# Audio & Speech
AXTerminator includes on-device audio capture, speech recognition, and text-to-speech via the `audio` feature flag.
## Enable Audio
Build with the `audio` feature:
```bash
cargo build --release --features "cli,audio"
```
## MCP Tools
| `ax_listen` | Capture microphone or system audio, transcribe via SFSpeechRecognizer |
| `ax_speak` | Text-to-speech via system, Kokoro, or Piper engines |
| `ax_audio_voices` | List installed macOS speech voices |
| `ax_audio_devices` | List available audio input/output devices |
## Speech Recognition
AXTerminator captures audio at **native 48kHz sample rate** and transcribes on-device using Apple's SFSpeechRecognizer.

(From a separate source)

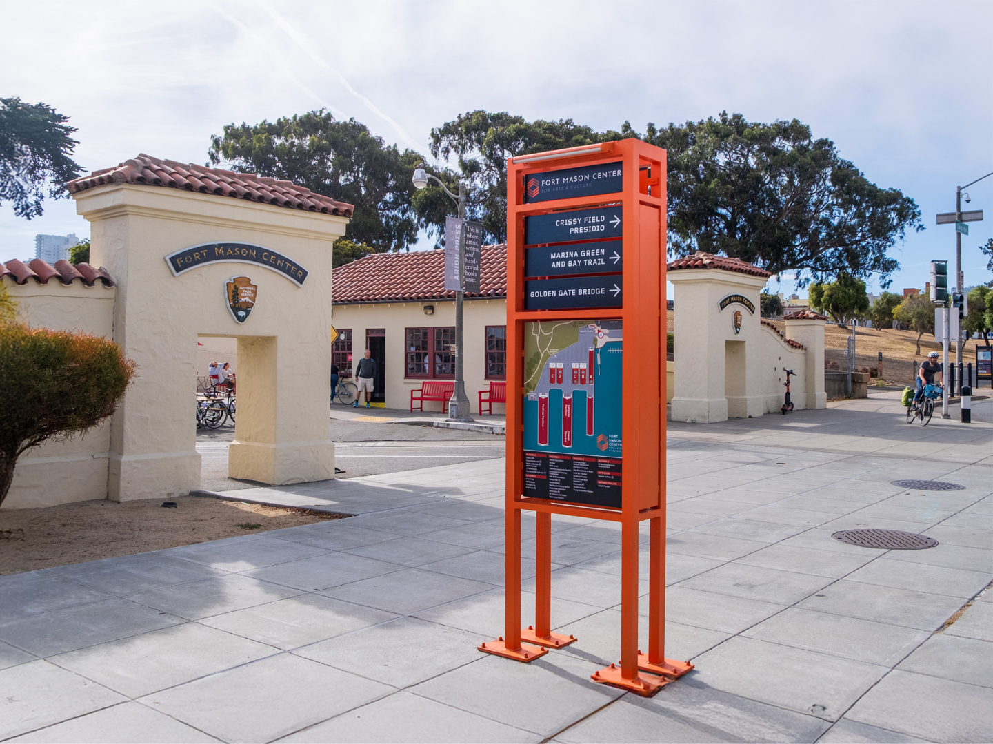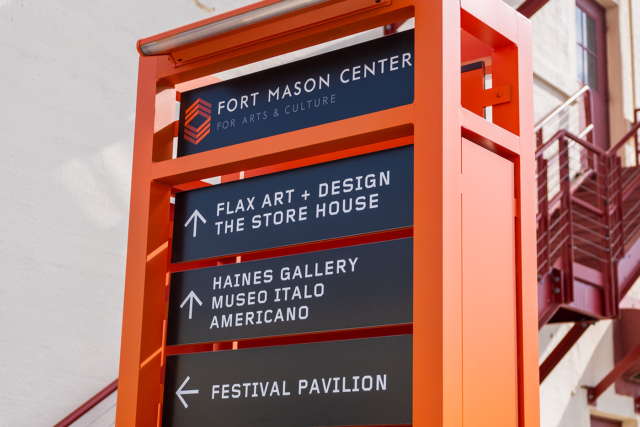 A series of functional wayfinding is found throughout the campus. Bathed in the bright and spirited orange of the Fort Mason identity, they are easy to spot in the muted environment. The system includes orientation monuments, directional signs, and interpretive panels, and can be used to create other signs as needed. The bold color choice ensures visibility while establishing a consistent visual language that unifies the sprawling site. The modular approach allows Fort Mason to expand the system organically as new programs and spaces are added.

No cloud API required.
### Requirements
- **Dictation** must be enabled: System Settings > Keyboard > Dictation
- **Microphone permission** granted to your terminal app
### How It Works
1. CoreAudio captures from the default input device at 48kHz
2. Audio is buffered and written as a WAV file
3. SFSpeechRecognizer transcribes on-device
4. CFRunLoop is pumped for callback delivery
!!! note "48kHz Native Capture"
Earlier versions captured at 48kHz but wrote 16kHz WAV headers, causing garbled audio. v0.6.0 fixed this to write correct 48kHz headers, resolving speech recognition accuracy.
## Text-to-Speech
`ax_speak` defaults to the existing macOS `NSSpeechSynthesizer` path:
```json
{"text": "Hello from AXTerminator"}
```
To opt into local neural engines, build with `enhanced-tts`, install the
external `sherpa-onnx-offline-tts` runtime, and download model files on demand:
```bash
cargo build --release --features "cli,enhanced-tts"
axterminator models tts list
axterminator models tts download kokoro
axterminator models tts download piper
```
Then call:
```json
{"text": "Hello from AXTerminator", "engine": "kokoro", "voice": "af_heart"}
```
If an enhanced engine is requested but its model files are missing, `ax_speak`
falls back to `system` and returns `fallback_reason`.
## Audio Devices
```bash
# List input/output devices
axterminator audio-devices
```
Lists all CoreAudio devices with their sample rates and channel counts.